* To do:
In the records below, find the line with "(9) vintage Italian", then retype it and every following line exactly, stopping after the line with "Balcerzak, Aleksander; Barlinski, Jan;". Leave the pictures out.

* Supplied data:
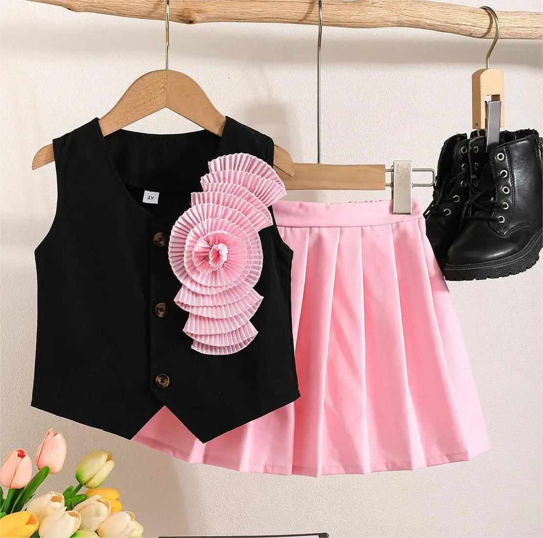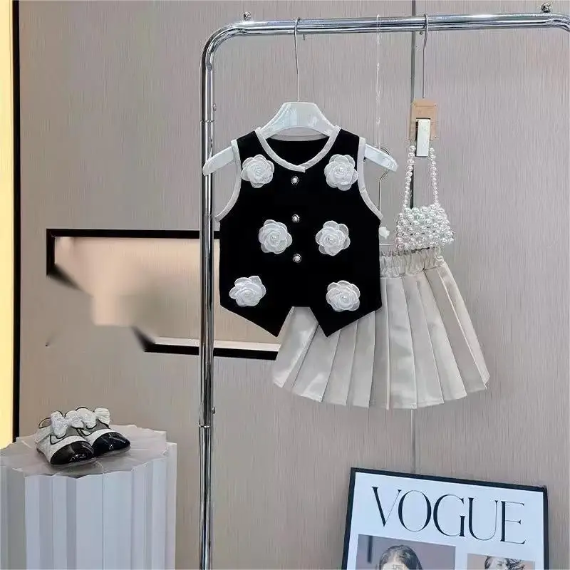 Girls' Summer Casual Academic Style Top Pleated Skirt Set Black Sleeveless Satin Floral Pink Korean Western Inspired Cotton
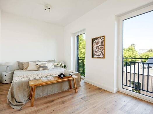 In bevorzugten Lagen Hamburgs bauen wir moderne, zwei-/dreieinhalbgeschossige Mehrfamilienhäuser. \nAlle Wohnungen verfügen über großzügige Terrassen oder Balkone. Die zum Wasser ausgerichteten Einhe...
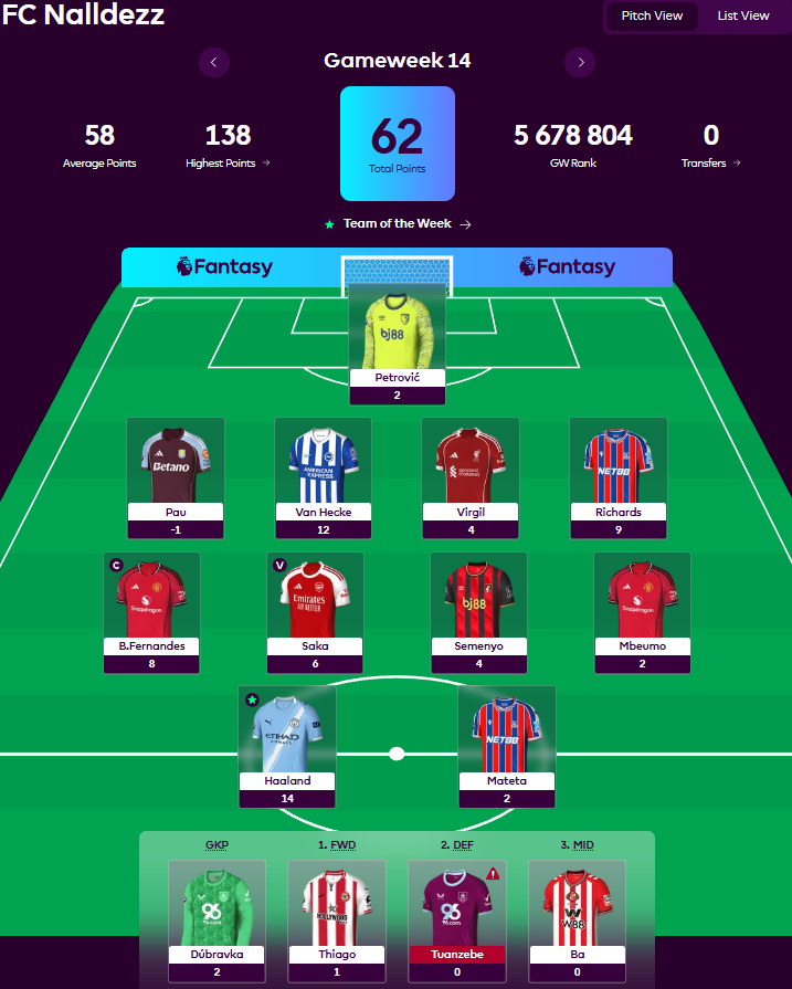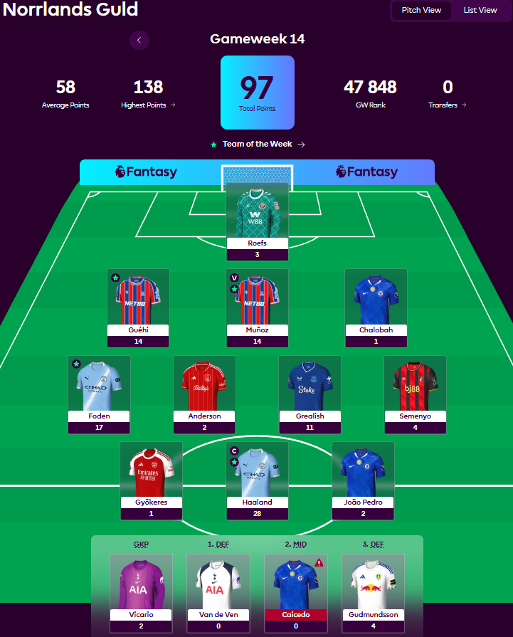 Inför kommande omgång har Semenyo redan lämnat plats åt Minteh och om inget oförutsett sker kommer även Petrovic och Pau Torres lämna plats mot Allison/Leno och Andersen. Kaptensbindeln landar denna omgång på Haaland, även om jag tror att Bruno skulle kunna hota, och laget ser riktigt starkt ut inför vad som väntar i helgen.
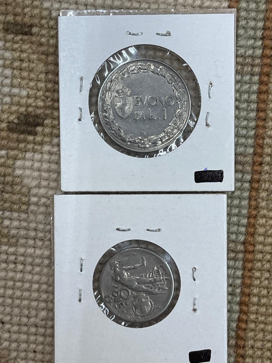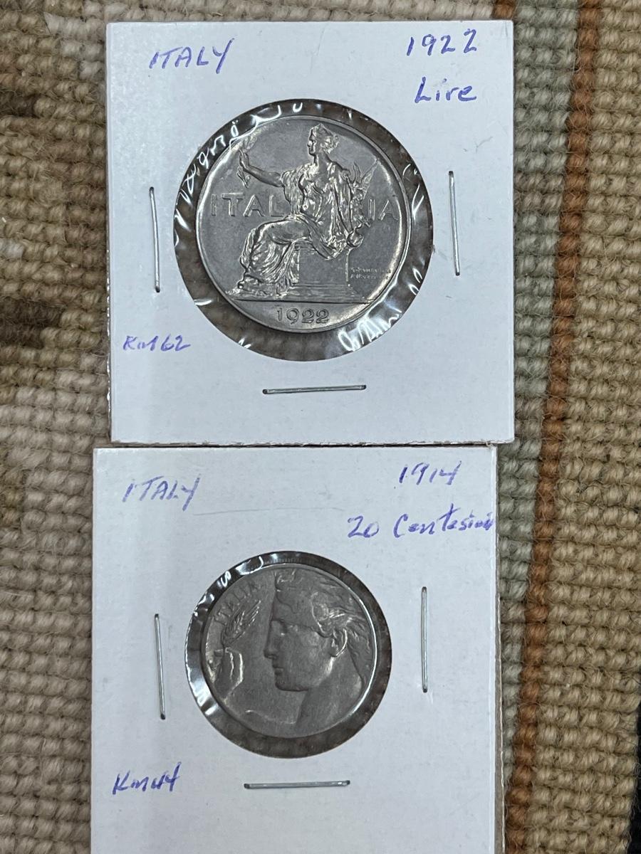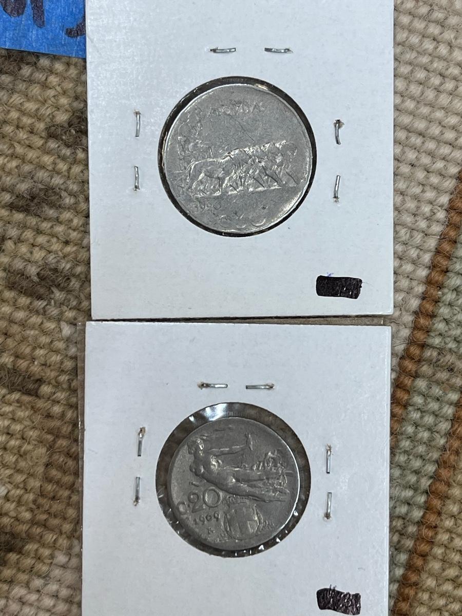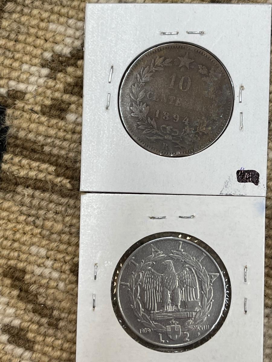 (9) vintage Italian coins - 1866M 10 centensimo, 1894R 10 centensimo, 1920 50 centensimo, 1950 5 lira, 1939 2 lira, 1909R 20 centensimo, 1923 lira, 1922 lira, 1914 20 centensimo.
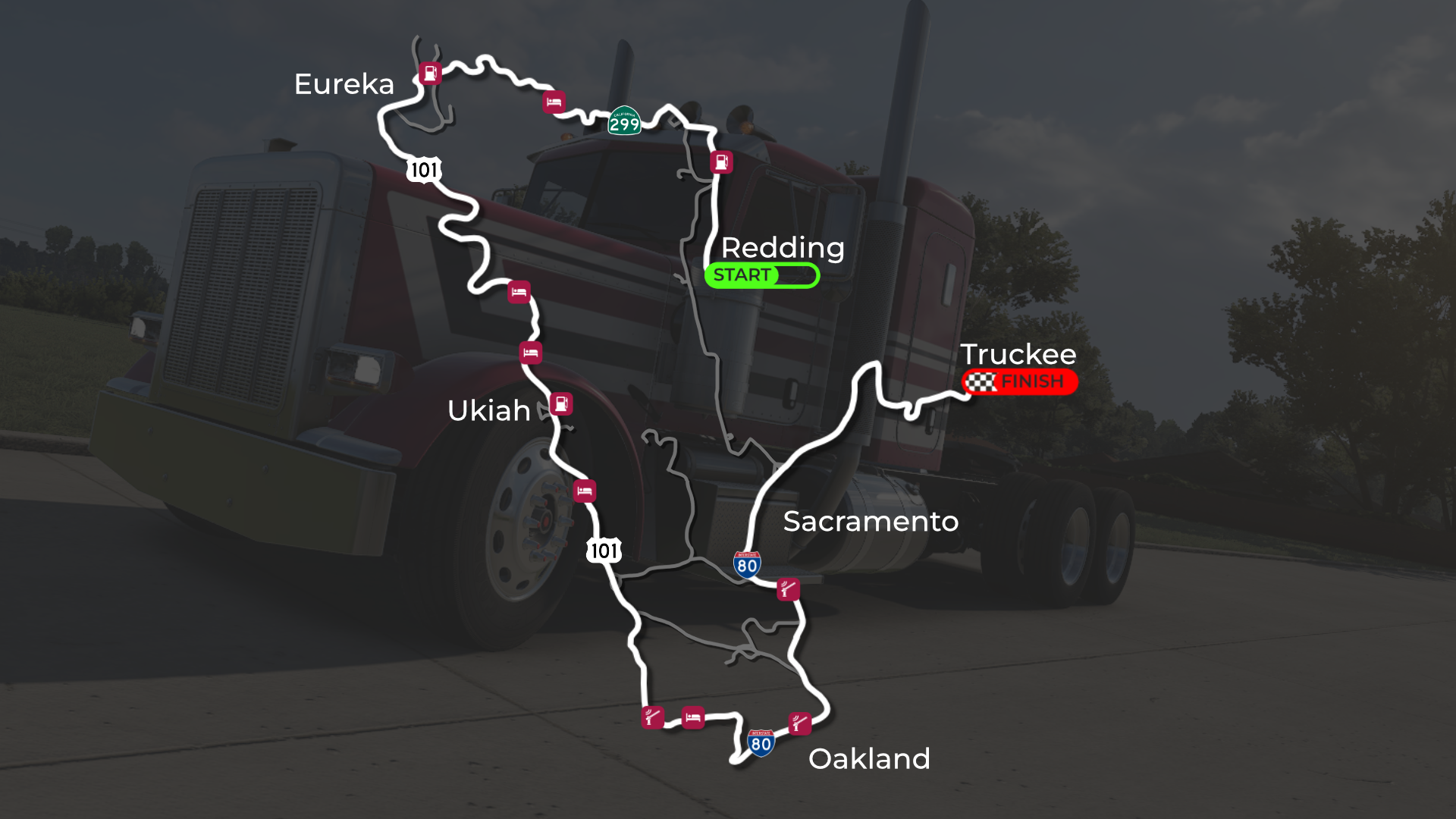 Starting in the city of Redding, we will be taking the scenic route through California, navigating multiple Real Operations along the way towards the city of Truckee, which is our end destination.
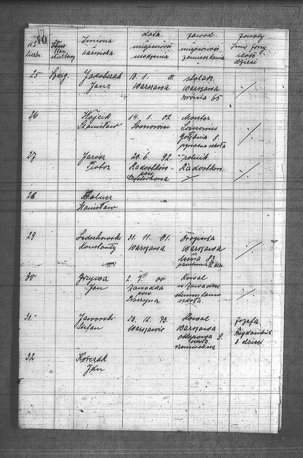 Balcerzak, Aleksander; Barlinski, Jan; Bieniaczek, Mateusz; Calucz, Stanisław; Chmurski, Leonard; Czuja, Marian; Doniecki, Sylwester; Fornal, Jan; Furmanek, Michał; Grzybowski, Julian; Grzywa, Jan; Igucka, Kaspar; Jakubczak, Jan; Janicki, Zdzisław; Jarosz, Piotr; Jaworski, Stefan; Jaworski, Wiktor; Juk, Paweł; Korczak, Jan; Kotułowski, Tadeusz; Kwiecień, Józef; Laskowski, Władysław; Ledochowski, Konstanty; Leśnik, Florian; Michalski, Stanisław; Miczka, Paweł; Miłek, Jan; Pielorz, Jan; Polanski, Jan; Ryczan, Stanisław; Salomon, Szymon; Skoniecki, Józef; Sluszczyk, Franciszek; Starzewski, Roman; Steckler, Alfons; Studziński, Stanisław; Syp, Tomasz; Turczyn, Wladysław; Twardzik, Edward; Urbańczyk, Franciszek; Witek, Józef; Wojcik, Stanisław; Woźniak, Marcin; Zygmund, Jan; |
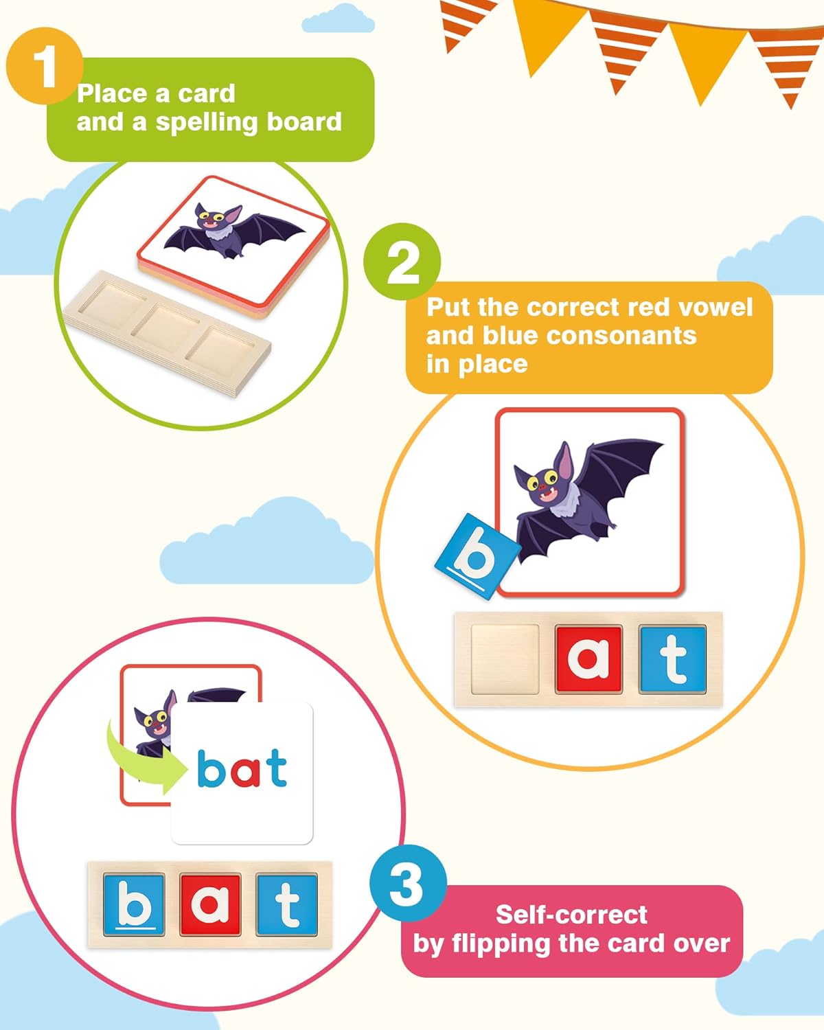 - Fun Learning Activity Games: This CVC word flash cards set is an interactive learning game for 3 4 5 6 year old boys & girls. The colors and pictures can catch the kidโs eyes and keep their attention, which can help them have fun while learning reading, spelling and phonics skills.
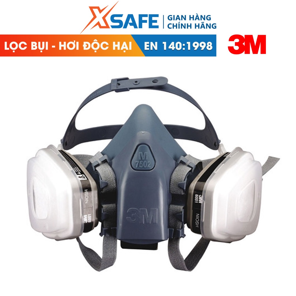 Bộ mặt nạ phòng độc 3M 7502-6001-5N11-501 7 món, lọc bụi, dùng phun sơn, chống hóa chất - chính hãng - xsafe
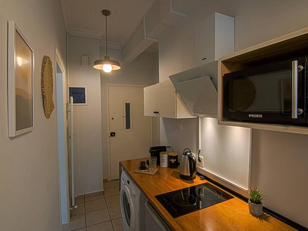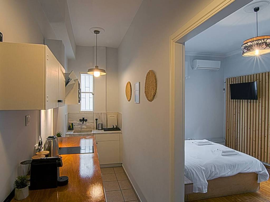 Available from April 20, 2026. Flexible short-term rental options available — utilities included — at a negotiable price. 129 Mavromichali Street. Elegant and renovated, fully equipped studio apartment. Very bright. Separate kitchen. Located in a pleasant and quiet area. Close to shops and public transportation.

* Exercise answer:
 (9) vintage Italian coins - 1866M 10 centensimo, 1894R 10 centensimo, 1920 50 centensimo, 1950 5 lira, 1939 2 lira, 1909R 20 centensimo, 1923 lira, 1922 lira, 1914 20 centensimo.
 Starting in the city of Redding, we will be taking the scenic route through California, navigating multiple Real Operations along the way towards the city of Truckee, which is our end destination.
 Balcerzak, Aleksander; Barlinski, Jan; Bieniaczek, Mateusz; Calucz, Stanisław; Chmurski, Leonard; Czuja, Marian; Doniecki, Sylwester; Fornal, Jan; Furmanek, Michał; Grzybowski, Julian; Grzywa, Jan; Igucka, Kaspar; Jakubczak, Jan; Janicki, Zdzisław; Jarosz, Piotr; Jaworski, Stefan; Jaworski, Wiktor; Juk, Paweł; Korczak, Jan; Kotułowski, Tadeusz; Kwiecień, Józef; Laskowski, Władysław; Ledochowski, Konstanty; Leśnik, Florian; Michalski, Stanisław; Miczka, Paweł; Miłek, Jan; Pielorz, Jan; Polanski, Jan; Ryczan, Stanisław; Salomon, Szymon; Skoniecki, Józef; Sluszczyk, Franciszek; Starzewski, Roman; Steckler, Alfons; Studziński, Stanisław; Syp, Tomasz; Turczyn, Wladysław; Twardzik, Edward; Urbańczyk, Franciszek; Witek, Józef; Wojcik, Stanisław; Woźniak, Marcin; Zygmund, Jan; |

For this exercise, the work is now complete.